Bug 11891

Summary: resume from disk broken on hp/compaq nx7000 (DRM problem)
Product: Power Management Reporter: Markus Meier (maekke)
Component: Hibernation/SuspendAssignee: Jesse Barnes (jbarnes)
Severity: normal CC: 1i5t5.duncan, airlied, jbarnes, rjw
Priority: P1    
Hardware: All   
OS: Linux   
Kernel Version: 2.6.28-rc1 Subsystem:
Regression: Yes Bisected commit-id:
Bug Depends on:    
Bug Blocks: 7216, 11808    
Attachments: .config
map registers at load time

Description Markus Meier 2008-10-29 14:42:26 UTC
Latest working kernel version:
Earliest failing kernel version: 2.6.28-rc1
Distribution: Gentoo
Hardware Environment:
# lspci
00:00.0 Host bridge: Intel Corporation 82855PM Processor to I/O Controller (rev 03)
00:01.0 PCI bridge: Intel Corporation 82855PM Processor to AGP Controller (rev 03)
00:1d.0 USB Controller: Intel Corporation 82801DB/DBL/DBM (ICH4/ICH4-L/ICH4-M) USB UHCI Controller #1 (rev 01)
00:1d.1 USB Controller: Intel Corporation 82801DB/DBL/DBM (ICH4/ICH4-L/ICH4-M) USB UHCI Controller #2 (rev 01)
00:1d.2 USB Controller: Intel Corporation 82801DB/DBL/DBM (ICH4/ICH4-L/ICH4-M) USB UHCI Controller #3 (rev 01)
00:1d.7 USB Controller: Intel Corporation 82801DB/DBM (ICH4/ICH4-M) USB2 EHCI Controller (rev 01)
00:1e.0 PCI bridge: Intel Corporation 82801 Mobile PCI Bridge (rev 81)
00:1f.0 ISA bridge: Intel Corporation 82801DBM (ICH4-M) LPC Interface Bridge (rev 01)
00:1f.1 IDE interface: Intel Corporation 82801DBM (ICH4-M) IDE Controller (rev 01)
00:1f.3 SMBus: Intel Corporation 82801DB/DBL/DBM (ICH4/ICH4-L/ICH4-M) SMBus Controller (rev 01)
00:1f.5 Multimedia audio controller: Intel Corporation 82801DB/DBL/DBM (ICH4/ICH4-L/ICH4-M) AC'97 Audio Controller (rev 01)
00:1f.6 Modem: Intel Corporation 82801DB/DBL/DBM (ICH4/ICH4-L/ICH4-M) AC'97 Modem Controller (rev 01)
01:00.0 VGA compatible controller: ATI Technologies Inc Radeon RV250 [Mobility FireGL 9000] (rev 01)
02:00.0 FireWire (IEEE 1394): VIA Technologies, Inc.
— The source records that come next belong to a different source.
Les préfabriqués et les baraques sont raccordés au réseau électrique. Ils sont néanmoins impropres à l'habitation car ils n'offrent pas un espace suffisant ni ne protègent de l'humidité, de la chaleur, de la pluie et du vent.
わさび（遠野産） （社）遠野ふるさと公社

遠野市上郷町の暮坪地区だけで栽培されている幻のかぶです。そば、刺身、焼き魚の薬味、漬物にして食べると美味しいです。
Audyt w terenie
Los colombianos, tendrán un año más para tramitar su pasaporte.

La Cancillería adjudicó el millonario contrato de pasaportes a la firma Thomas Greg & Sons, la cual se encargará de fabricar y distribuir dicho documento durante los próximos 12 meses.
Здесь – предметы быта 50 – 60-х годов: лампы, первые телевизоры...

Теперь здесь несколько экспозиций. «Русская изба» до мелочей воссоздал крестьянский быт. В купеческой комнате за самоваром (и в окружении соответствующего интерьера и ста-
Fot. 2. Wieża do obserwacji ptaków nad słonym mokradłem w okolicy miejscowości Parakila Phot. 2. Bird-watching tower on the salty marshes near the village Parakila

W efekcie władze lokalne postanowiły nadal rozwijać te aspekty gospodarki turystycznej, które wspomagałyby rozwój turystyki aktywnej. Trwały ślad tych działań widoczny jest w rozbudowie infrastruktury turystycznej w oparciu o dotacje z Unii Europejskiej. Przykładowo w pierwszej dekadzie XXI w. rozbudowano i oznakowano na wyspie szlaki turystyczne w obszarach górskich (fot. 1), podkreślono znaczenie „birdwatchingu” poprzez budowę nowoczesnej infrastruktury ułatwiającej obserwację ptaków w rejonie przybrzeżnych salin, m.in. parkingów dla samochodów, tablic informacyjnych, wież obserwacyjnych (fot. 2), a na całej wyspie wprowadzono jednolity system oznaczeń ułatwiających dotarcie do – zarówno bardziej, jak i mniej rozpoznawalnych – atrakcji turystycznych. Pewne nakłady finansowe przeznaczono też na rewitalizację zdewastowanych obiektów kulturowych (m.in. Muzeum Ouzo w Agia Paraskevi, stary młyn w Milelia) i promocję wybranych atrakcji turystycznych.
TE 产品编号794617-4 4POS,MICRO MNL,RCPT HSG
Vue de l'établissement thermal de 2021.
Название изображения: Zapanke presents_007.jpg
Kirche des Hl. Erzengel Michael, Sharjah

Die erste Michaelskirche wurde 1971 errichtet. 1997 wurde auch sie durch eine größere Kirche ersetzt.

VT6306 Fire II IEEE 1394 OHCI Link Layer Controller (rev 80)
02:01.0 Ethernet controller: Realtek Semiconductor Co., Ltd. RTL-8139/8139C/8139C+ (rev 20)
02:02.0 Network controller: Intel Corporation PRO/Wireless LAN 2100 3B Mini PCI Adapter (rev 04)
02:04.0 CardBus bridge: ENE Technology Inc CB1410 Cardbus Controller

Software Environment:
Problem Description:
resuming from harddisk ends in a blinking capslock-led, just about before finishing resuming. (X was active while suspending to disk)
fails with 2.6.28-rc1 and 2.6.28-rc2

Steps to reproduce:
Comment 1 Markus Meier 2008-10-29 14:43:35 UTC
Created attachment 18499 [details]

kernel config for 2.6.28-rc2
Comment 2 Rafael J. Wysocki 2008-10-29 14:52:53 UTC
Please try with the fixes from bug #11827 and bug #11845.
Comment 3 Markus Meier 2008-10-29 16:11:18 UTC
the patches do not help.

the last output lines are:
PM: Loading image data pages (63781 pages) ... done
PM: Read 255124 kbytes in 10.05 seconds (25.38 MB/s)
Suspending console(s) (use no_console_suspend to debug)
Comment 4 Markus Meier 2008-10-29 16:11:48 UTC
Created attachment 18505 [details]

dmesg output
Comment 5 Rafael J. Wysocki 2008-10-29 16:15:51 UTC
Please boot with 'init=/bin/bash', run 'mount /sys && mount /proc && echo mem > /sys/power/state' and see what happens.
Comment 6 Markus Meier 2008-10-29 22:49:35 UTC
Freezing user space processes ... (elapsed 0.00 seconds) done.
Freezing remaining freezable tasks ... (elapsed 0.00 seconds) done
Suspending console(s) (use no_console_suspend to debug)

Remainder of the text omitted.